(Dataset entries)
====================

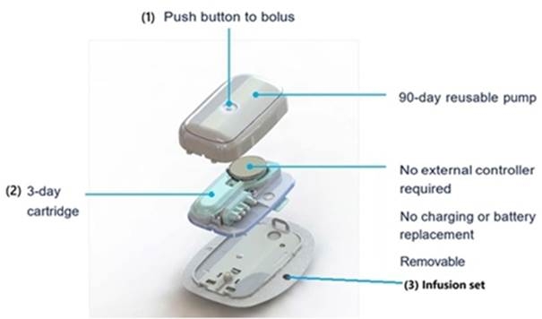 3. The infusion set is built into the adhesive pad that the pump attaches to and the needle can be safely removed and discarded by the user after application. Despite this true patch form factor, the pump is removable by the user during the three days of wear.
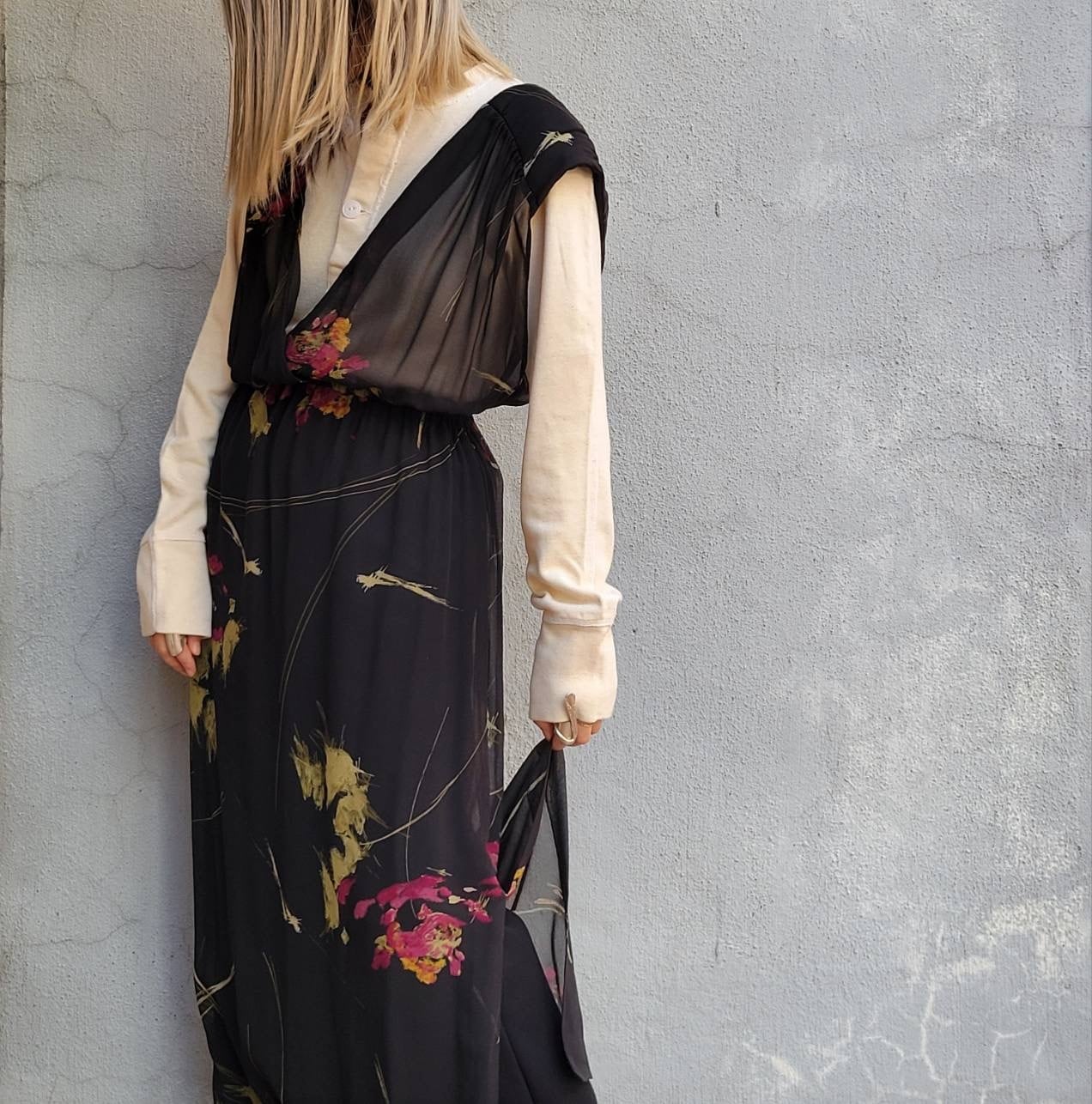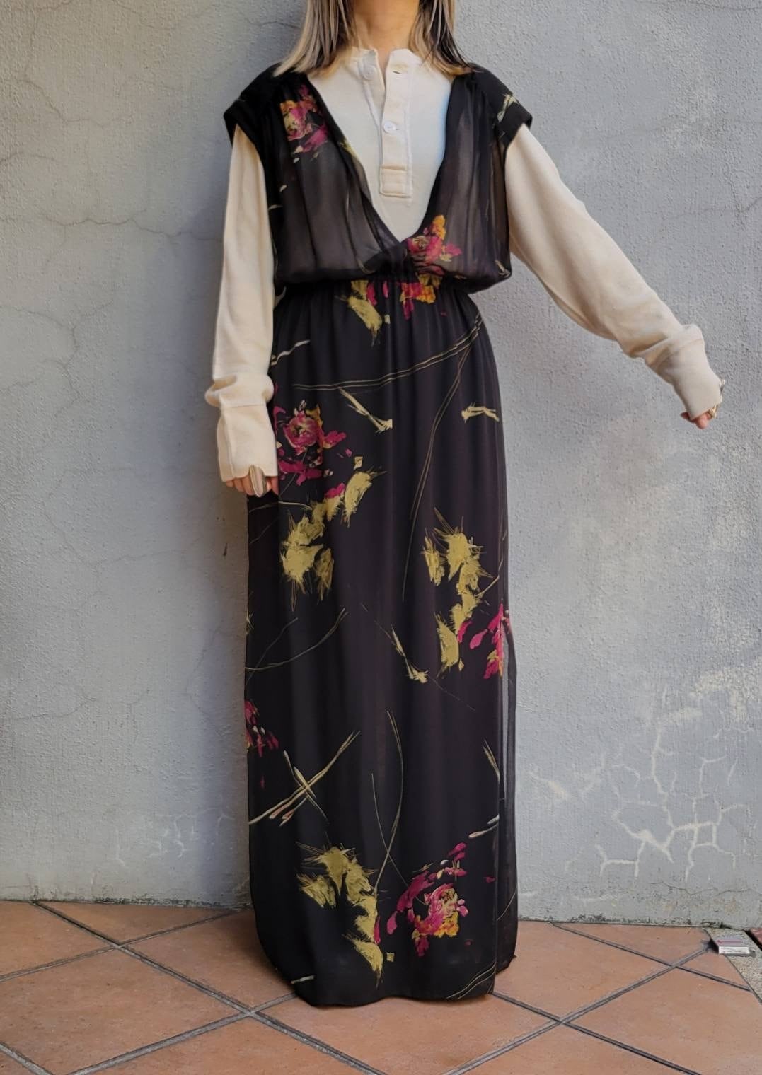 透け感のあるシフォン素材が魅力的なロングドレスです。
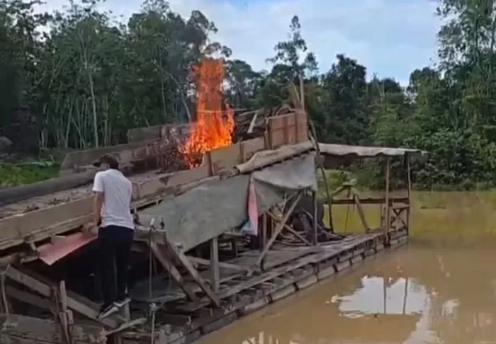 Saat tiba di lokasi sekitar pukul 15.00 WIB, petugas hanya menemukan tiga unit rakit PETI dalam kondisi tidak beroperasi dan ditinggalkan oleh pemiliknya. Polisi kemudian mengambil langkah tegas dengan merusak dan membakar seluruh rakit tersebut agar tidak bisa digunakan kembali oleh para pelaku.
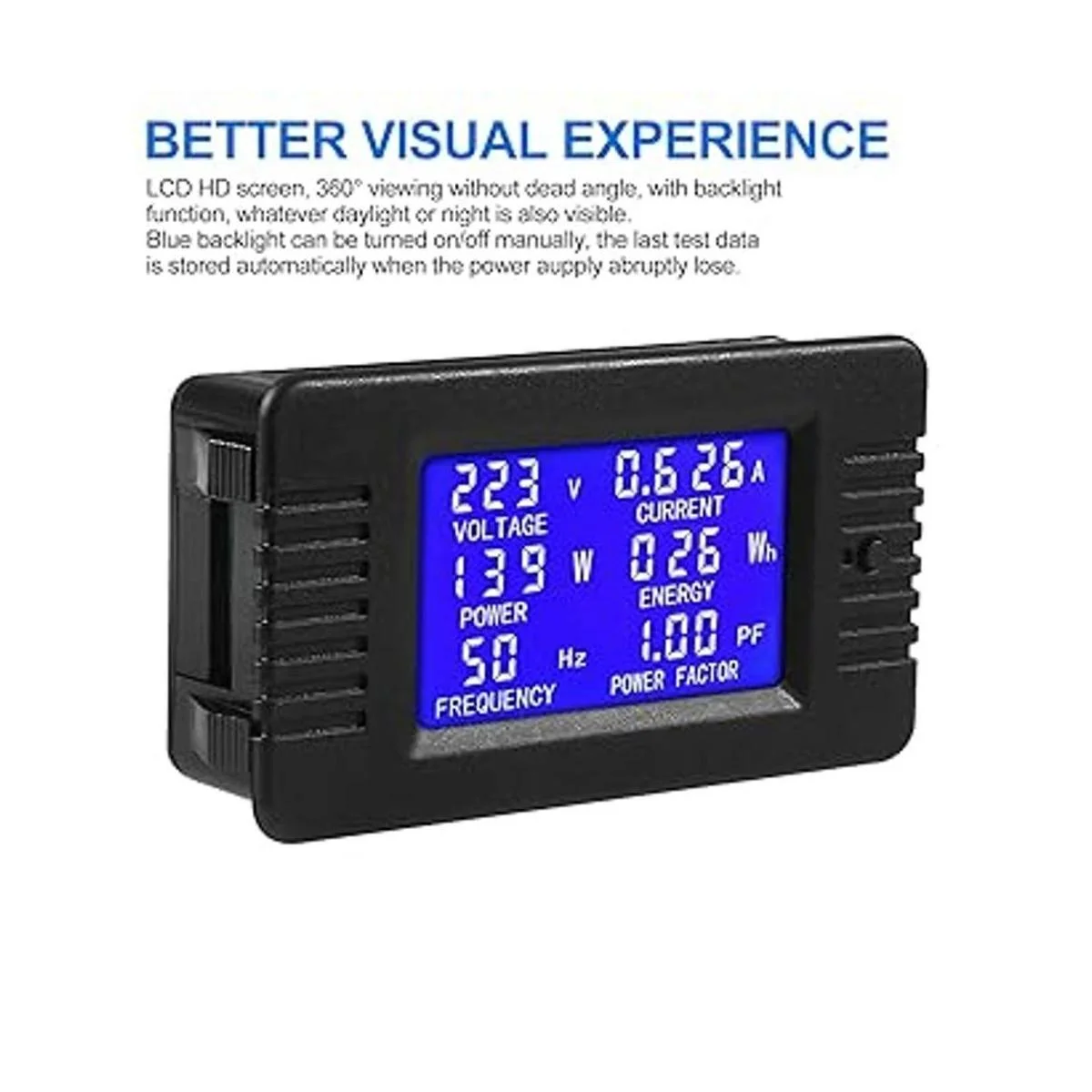 6 en 3.3 ft: la gran pantalla transparente puede mostrar el voltaje/corriente/potencia activa/energía acumulativa/frecuencia/factor de potencia al mismo tiempo.
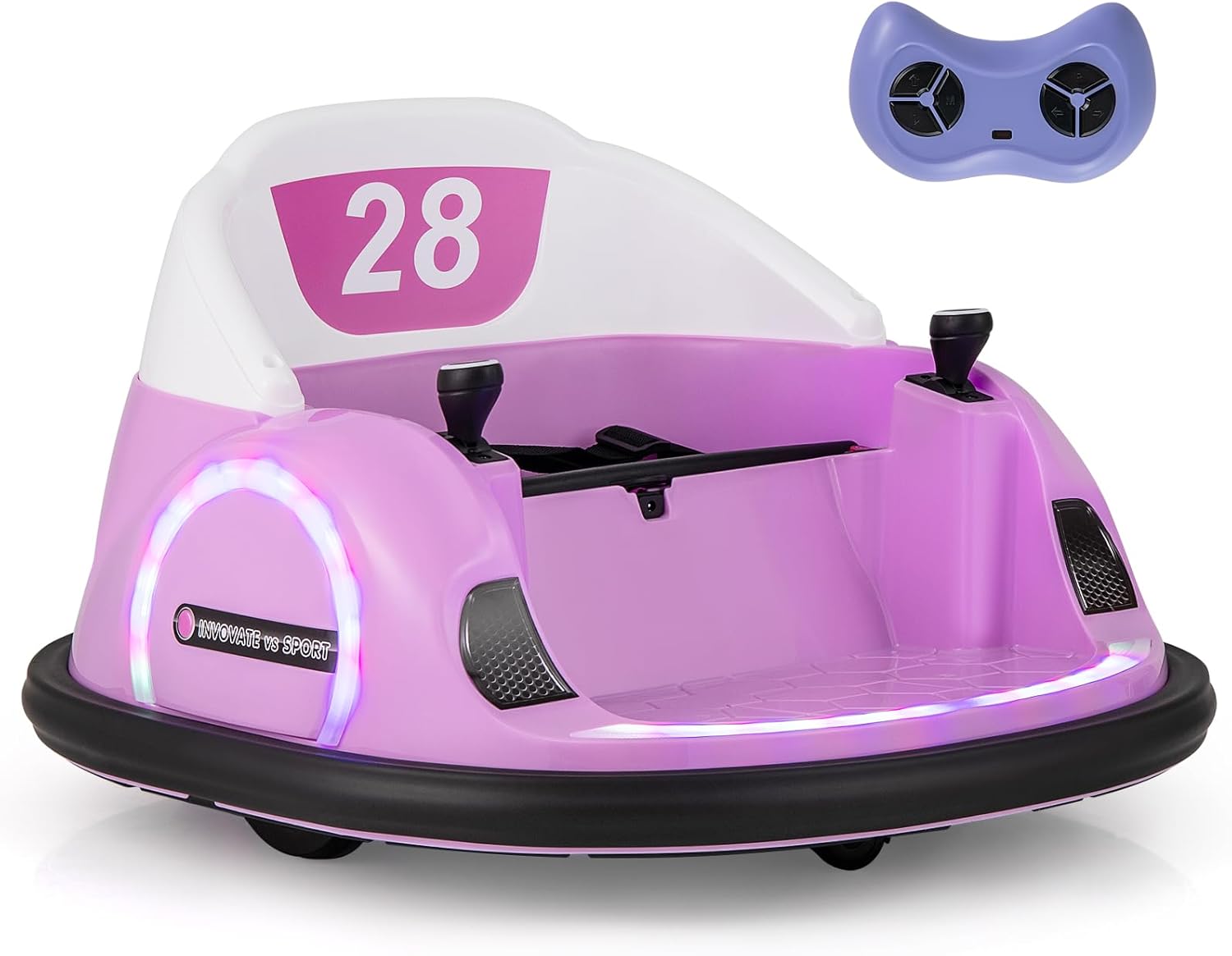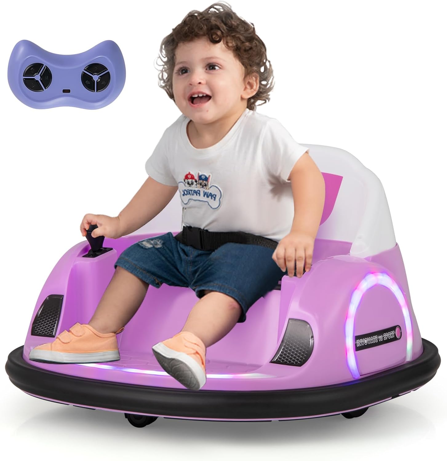 Auto-tamponneuse enfants avec led clignotantes, voiture electrique enfants avec télécommande rose
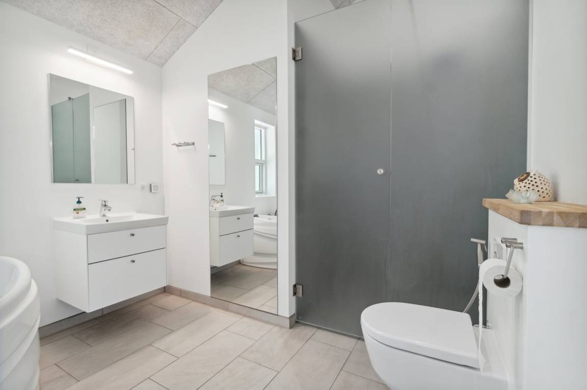 WC und BadEs gibt 2 Badezimmer mit Fußbodenheizung; 1 mit Duschnische und 1 mit Badewanne. Außerdem steht eine Gästetoilette zur Verfügung – ebenfalls mit Fußbodenheizung.
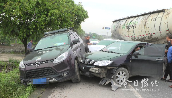 右侧违章超车 引发4车相撞交通事故

====================

Goal of the exercise
What is needed is the exact run of lines from the start of the data through the line with "Saat tiba di", both ends included, minus the pictures.

Finished exercise
 3. The infusion set is built into the adhesive pad that the pump attaches to and the needle can be safely removed and discarded by the user after application. Despite this true patch form factor, the pump is removable by the user during the three days of wear.
 透け感のあるシフォン素材が魅力的なロングドレスです。
 Saat tiba di lokasi sekitar pukul 15.00 WIB, petugas hanya menemukan tiga unit rakit PETI dalam kondisi tidak beroperasi dan ditinggalkan oleh pemiliknya. Polisi kemudian mengambil langkah tegas dengan merusak dan membakar seluruh rakit tersebut agar tidak bisa digunakan kembali oleh para pelaku.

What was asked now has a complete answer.